Today's jobs report will be a surprise to many Americans and economists, not because concerns about the effect of trade barriers and increased government deficits are finally showing up in reduced job economic growth, but rather because they aren't.
Employers hired 312,000 more workers in December, over 40 percent more than generally expected, and the employment reports from October and November were increased by another 58,000 over previous estimates.
The fascinating part of this story is that the unemployment rate rose 0.2 percentage points (to 3.9 percent) in the midst of this surge in jobs creation. In addition to the 312,000 newly-hired workers, there were another additional 276,000 who were actively seeking employment. Since the US population only grew by 180,000 between November and December, this indicates that workers are continuing to come off the sidelines and rejoin the labor force. The labor force participation rate correspondingly rose by 0.2 percentage points (to 63.1 percent).
Women Leading the Way
But even more interesting is the fact that women fueled the increase in jobs, while men were responsible for the increase in unemployment (at least for last month). Adult women’s (20 years and over) employment increased by 269,000 while the number of unemployed adult women increased by 21,000. Adult men’s employment dropped by 132,000 while the number of unemployed adult men increased by 224,000. This is part of a larger trend—over the last year women have filled about 60 percent of new jobs. This odd result may partially reflect the effect of retirements since the baby boomer generation has a higher male-to-female employment ratio, but that explanation alone doesn’t seem sufficient for the size of these changes.
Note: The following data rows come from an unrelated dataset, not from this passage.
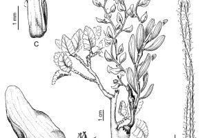 Planta de 30 cm de diámetro; haustorio con base engrosada; tallos lisos, con lenticelas dispersas, los jóvenes a menudo algo rojizos y pubescentes, los más viejos grisáceos, glabros. Hojas con láminas elípticas, de 15-30(-40) × 2-10 mm, base atenuada, ápice truncado, con 3-5 nervaduras marcadas, glabras o sólo con pubescencia en la vena media, verde lustrosas y rojizas en el ápice. Inflorescencia de 2-20 cm de largo; raquis pubescente; yemas de las inflorescencias naciendo por encima de las vegetativas. Inflorescencias elementales con brácteas foliáceas elípticas, ápice truncado de coloración rojiza, nervaduras evidentes, recaulescentes hasta la flor basal, flores en la base de la bráctea. Inflorescencia terminal ebracteada. Inflorescencia elemental estaminada de 2-10 mm de largo; brácteas de 7-10 × 3-6 mm, 6-10-floras; estambres, 3, filamentos breves verdes o castaños, anteras globosas, amarillas. Inflorescencia elemental pistilada hasta de 22 mm de largo, 8-20-flora, subsésil; brácteas de 10-23 × 3-13 mm, perianto verde o castaño violáceo; ovario globoso, terminado en un disco anular notorio que rodea al estilo corto, estigmas 3, verdes. Fruto ovoideo, de 2,5-3,3 × 0,7- 1,3 mm, glabro, castaño claro a rojizo, lustroso; setas maduras de 55-95 mm de largo, verde amarillentas o liláceas, plumosas en toda su longitud, ápice levemente incurvo, más oscuro.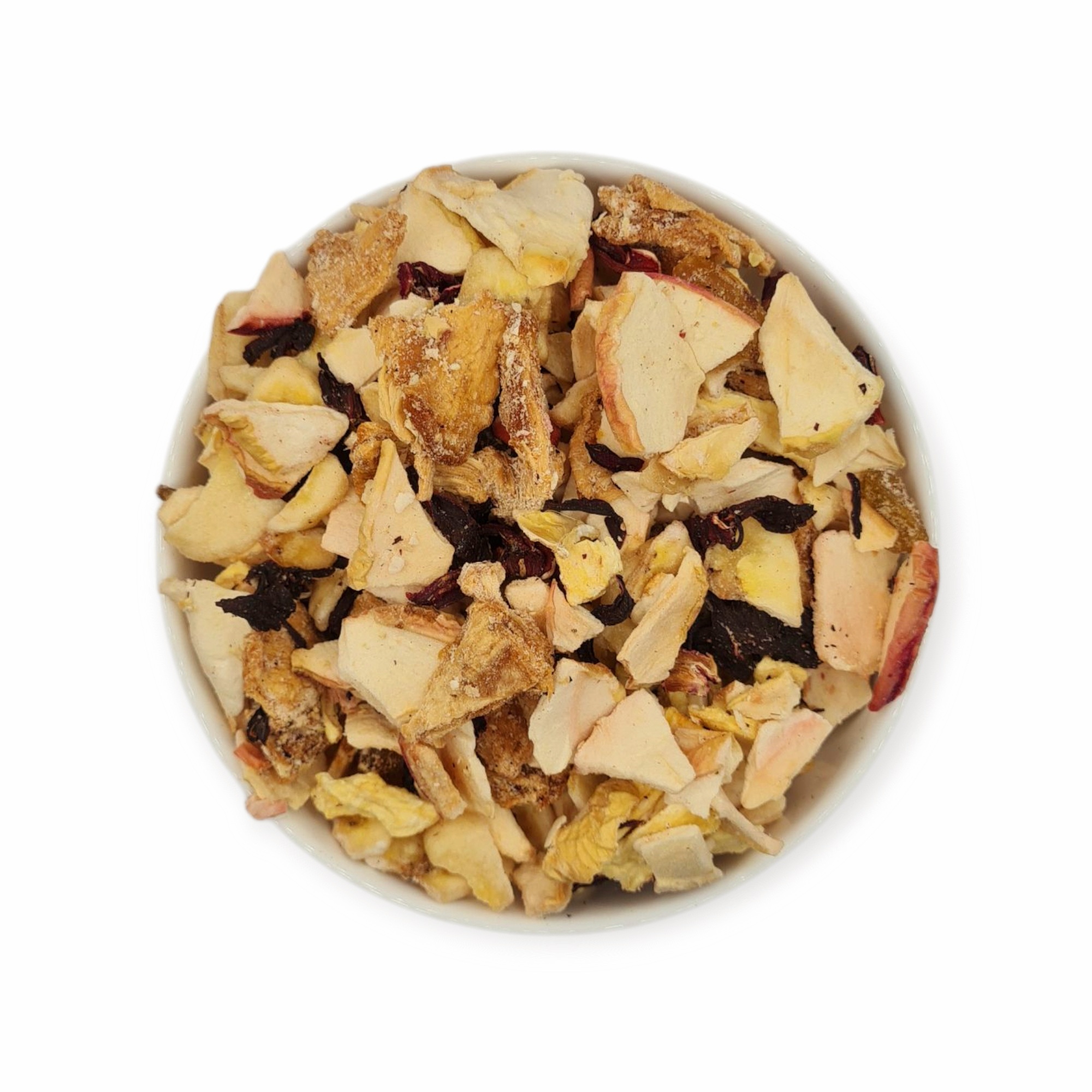 Głównym bohaterem tej mieszanki jest oczywiście ananas – i to w dwóch pysznych wersjach: suszonej (bez dodatku cukru!) i liofilizowanej. Towarzyszą mu inne owoce: jabłko, banan, rodzynki, a także lekko kwaskowy hibiskus. Całość to kompozycja bez sztucznych aromatów – naturalna i bezpieczna nawet dla najmłodszych smakoszy.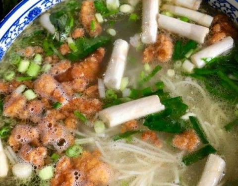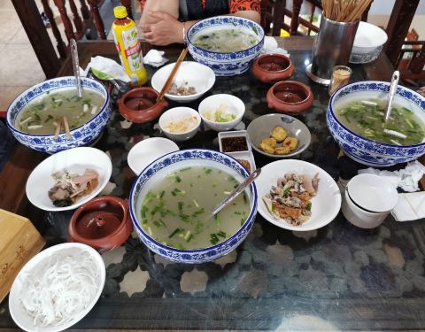 打卡宝兴楼,据说是建水百年老店,环境没得说,来这里当地人很多,炸糯米,三丝烩草芽,汽锅鸡,凉拌米豆腐,当然更不可错过的是----过桥米线!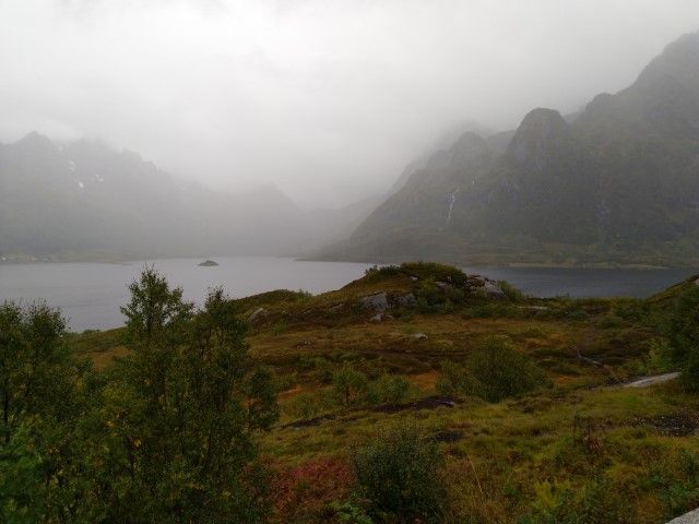 Wir sind beeindruckt von dem Landschaftsbild der Lofoten, schade nur das es immer wieder in Nebelschwaden und Regenwolken versinkt.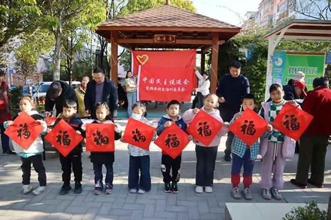 民进小教支部“迎新年 送祝福”春联书写活动走进灵秀小区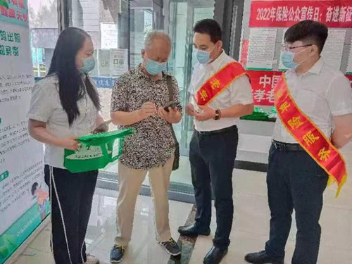 在開展好 “助推鄉(xiāng)村振興、服務(wù)老年群體”保險公益健步走活動等行業(yè)協(xié)會統(tǒng)一推出的常規(guī)性動作外,呼和浩特分公司運營服務(wù)部、健康保險部、風(fēng)險管理部、綜合部等部門,于2022年7月8日在呼和浩特分公司旗下營業(yè)網(wǎng)點開展線下宣傳活動。

Wage growth continued to creep upward as well, with average hourly earnings increasing by 3.2 percent over the year, and average weekly earnings increasing by the same amount. Many pundits have expressed concern that wages aren't rising faster in an economy with such low unemployment, but the torrent of new jobs being filled month after month (220,000 new jobs per month on average over the last year) shows that, in general, employers aren't having substantial problems attracting new workers.
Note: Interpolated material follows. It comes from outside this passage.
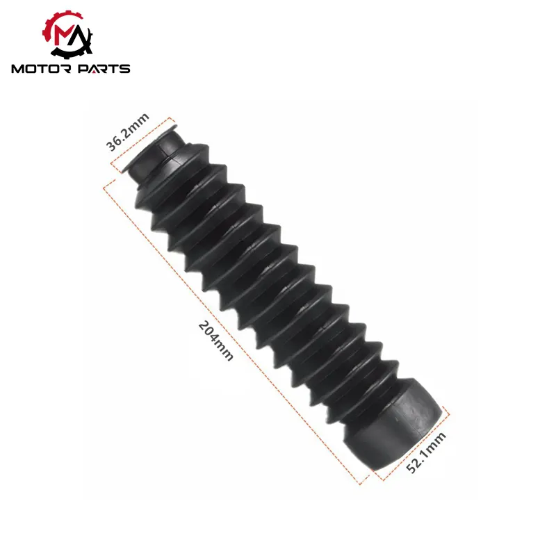 Ang front shock absorber dust cover ng motorsiklo ay gawa sa mataas na nababanat at malambot na mga materyales, na epektibong makakapag-iwas sa mga banayad na panginginig ng boses na dulot ng pagpapalawak at pag-urong ng shock absorber, habang makabuluhang binabawasan ang ingay na dulot ng mga panginginig ng boses habang pinapabuti ang kaginhawaan ng pagsakay; Ang ilang mga produkto ay espesyal na idinisenyo na may makapal na mga istraktura, na nagpapataas ng timbang ng 30% kumpara sa mga ordinaryong modelo. Malakas nilang mapaglabanan ang mga panlabas na epekto gaya ng maliliit na epekto sa bato at mga gasgas sa sanga ng puno, na nagbibigay ng komprehensibong proteksyon para sa mga sumisipsip ng shock.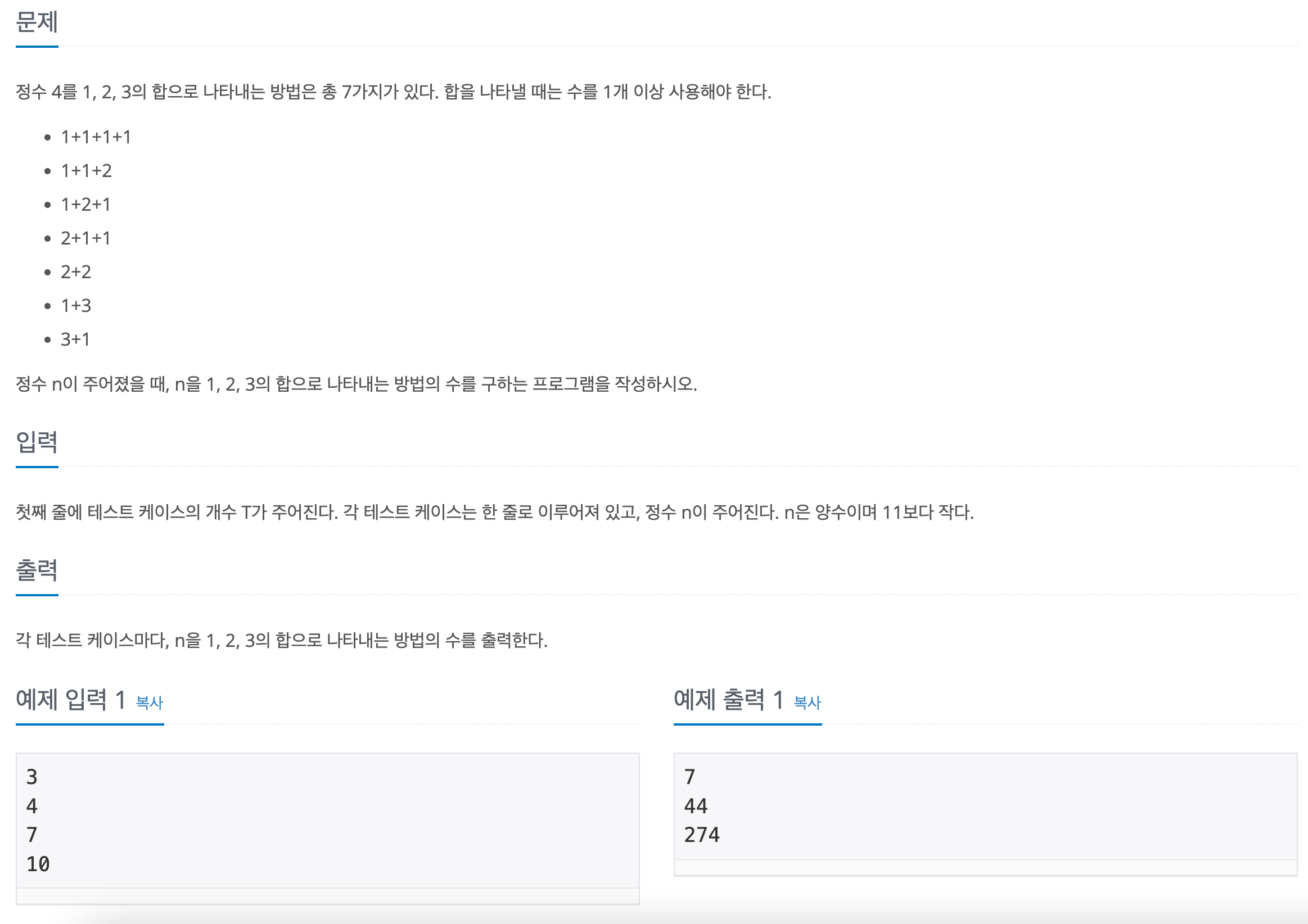 dp 1μ°¨μ λ°°μ΄μ μμ±νκ³ , dp[n] λ μ μ nμ 1,2,3 μ ν©μΌλ‘ λνλΌ μ μλ κ²½μ°μ μλ₯Ό μλ―Ένλ€.

Despite all of this good news, the real question becomes: “How much better would the economy be doing now if the economic headwinds of trade wars and deficit uncertainty weren’t holding growth back?” We might have to invent a bigger word than “boom.”
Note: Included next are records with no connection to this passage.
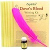 The doves blood writing kit comes with 5 sheets of parchment, 1 feather to fashion as a quill pen & 1 bottle of doves blood magical ink to create magic seals, spells & petitions of love, friendship & fidelity.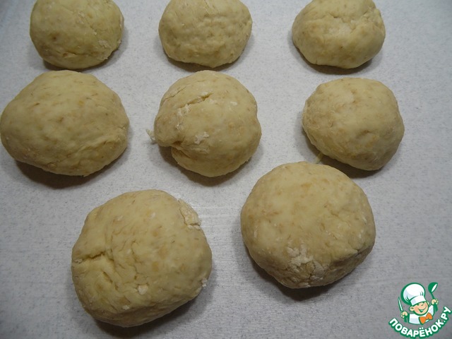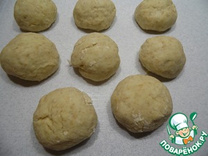 Тесто разделить на 8-10 частей, каждую часть скатать в шарик.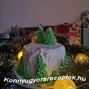 A végén megintjük a tortát áttetsző ehető csillámmal és a fenyőket porcukorral hintjük.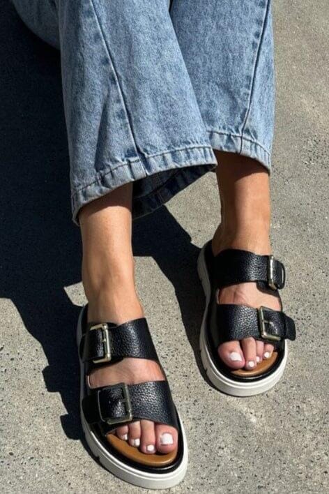 Sorte sandaler fra Copenhagen Shoes i lærred med en markant plattformsåle. De to justerbare spenner og den kraftige sålen gir sandalene deres karakteristiske uttrykk.

Quick Statistics from the December BLS Jobs Report
Headline Employment Statistics
- Total nonfarm payroll employment increased by 312,000 jobs.
- The labor force participation rate increased by 0.2 percentage points to 63.1 percent.
- The headline unemployment rate (U-3) increased by 0.2 percentage points to 3.9 percent.
- The mid- to long-term unemployment rate (15 weeks or longer; U-1) held steady at 1.3 percent.
- The discouraged worker unemployment rate (U-4) increased by 0.1 percentage points to 4.1 percent.
- The comprehensive jobless rate (U-5b) increased by 0.1 percentage points to 6.9 percent.
Deeper Unemployment Statistics
- Long-term unemployed workers (27 weeks or longer) increased by 47,000 to 1,306,000; the proportion of long-term unemployed workers fell slightly to 20.5 percent of those who are unemployed
- The number of people who wanted to work full time, but who could only find part-time work for economic reasons, fell by 124,000 to 4,657,000, which was 18 percent of all part-time workers.
- Average hourly earnings rose by 3.2 percent over the previous 12 months.
- Average weekly earnings rose by 3.2 percent over the previous 12 months.